Thursday, April 23, 2015

Volunteers Show their Stuff

The volunteers are over-performing this year!  It's amazing what a little timely rain and my neighbor's seeds can accomplish.
Everyone knows California Poppies. I dumped a seed packet on my garden two years ago and Nature does the rest.  I am deadheading so they'll last till the garden tour. This photo was during a heat wave... they were a little limp.
I inadvertently designed an excellent garden for volunteers in my front yard.  The bases of my mounds collect both seeds and moisture (from association lawn overspray), making them ideal incubators for wildflowers.  Weeds too, but it's a small area, and once the wildflowers take hold they crowd out the weeds. When they fade away in summer, the bare gravel base of the slope does not seem out of place. The trickiest part was figuring out which were weeds and which were wildflowers.
Seep Monkeyflower (from Tomaz' garden next door) was a surprise. My garden's not wet!
Perennial Blue-eyed Grass was the first colonizer of my garden.  Two plants from Tomaz became a half dozen the next year– but no blooms.  I had wondered if I got duds.  They are blooming copiously their second year, with so many new sprouts I'll be stocking my friends' gardens next year.
Blue-eyed Grass with a background of Red Buckwheat. It disappears in summer, but happily grows in, through and around just about anything, so no bare spots.
Many California wildflowers are annuals.  They sprout in winter, delight in spring, and vanish by summer.  Perhaps this is the reason they are seldom cultivated (aside from poppies).  But their seeds live on.
Life-sized photo of little Beach Primrose (Camissonia cheiranthifolia), also seeded from Tomaz' planting.
Our tallest volunteer by far is Elegant Clarkia (Clarkia unguiculata), a meadow flower found widely in California.  I got the seeds, gave them to Tomaz, and one of their progeny shot up through my seaside daisies.  His side of the garden has a dozen or so two-foot sprigs. I have one monster.
Elegant Clarkia on steroids: four feet tall.  Also color coordination is out the window.  Totally worth it. 
Another Clarkia that performs well in my garden is Farewell to Spring (Clarkia bottae).  It blooms later than other annual wildflowers, and is not yet at its peak.  The selection I got from Tree of Life (in 4" pots) makes very neat round mounds.

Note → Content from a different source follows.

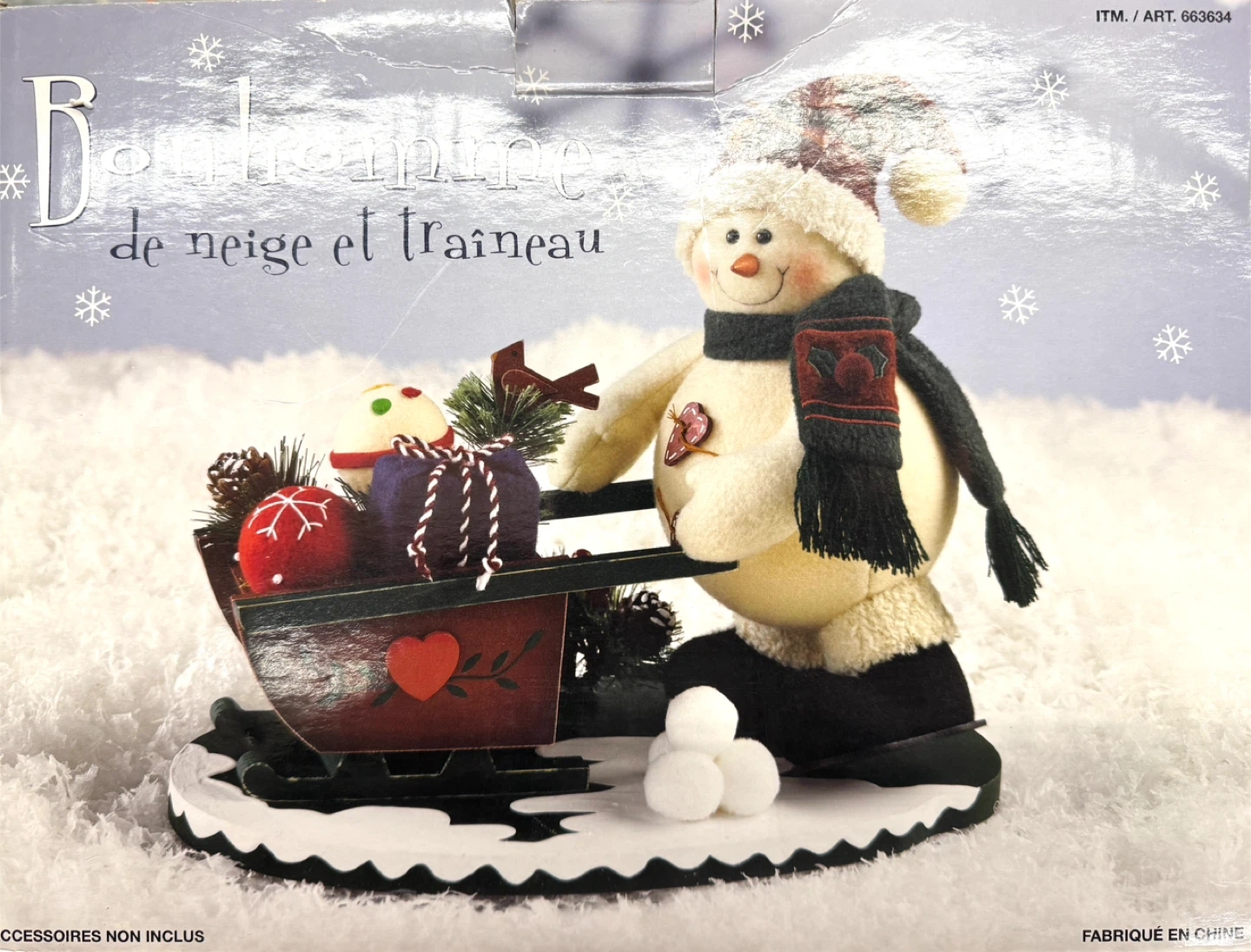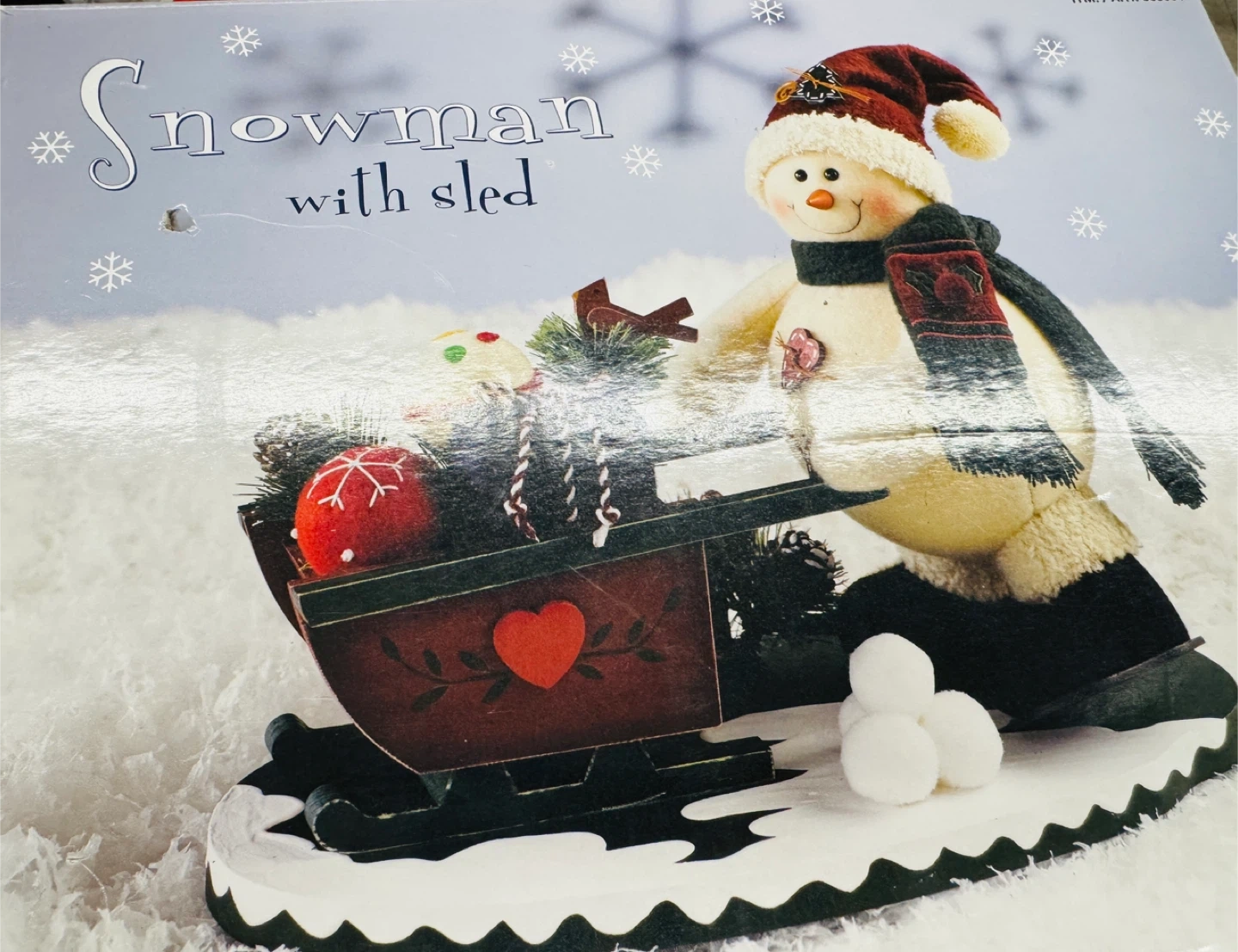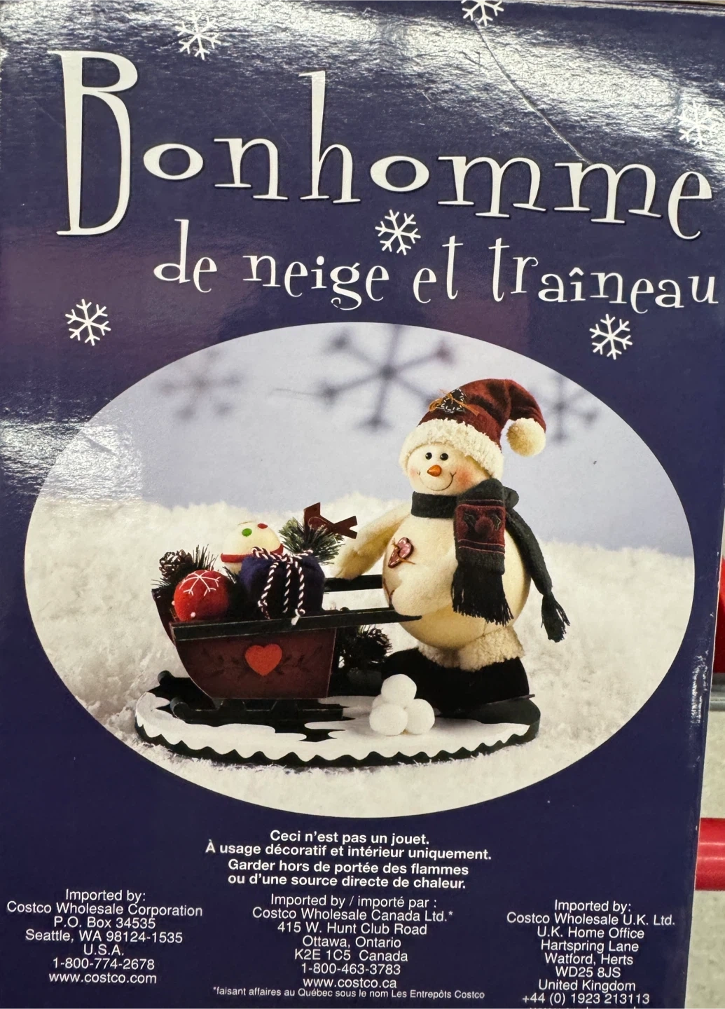 This is a cute snowman with sled decoration from Costco! It's in great condition and comes with the original box. Perfect for adding a touch of winter charm to your home

Early blooms from Farewell to Spring.
Lighting up the unirrigated, mowed strip along the campus ring road at UCI: Desert Marigold (Baileya radiata). I hope the one I just planted produces some volunteers too!
Unstoppable native.  This Desert Marigold got mowed and came right back.
A garden is always a collaboration between humans and nature.  I like it when nature takes liberties with design.  I'm glad my garden has room for these stunning volunteers.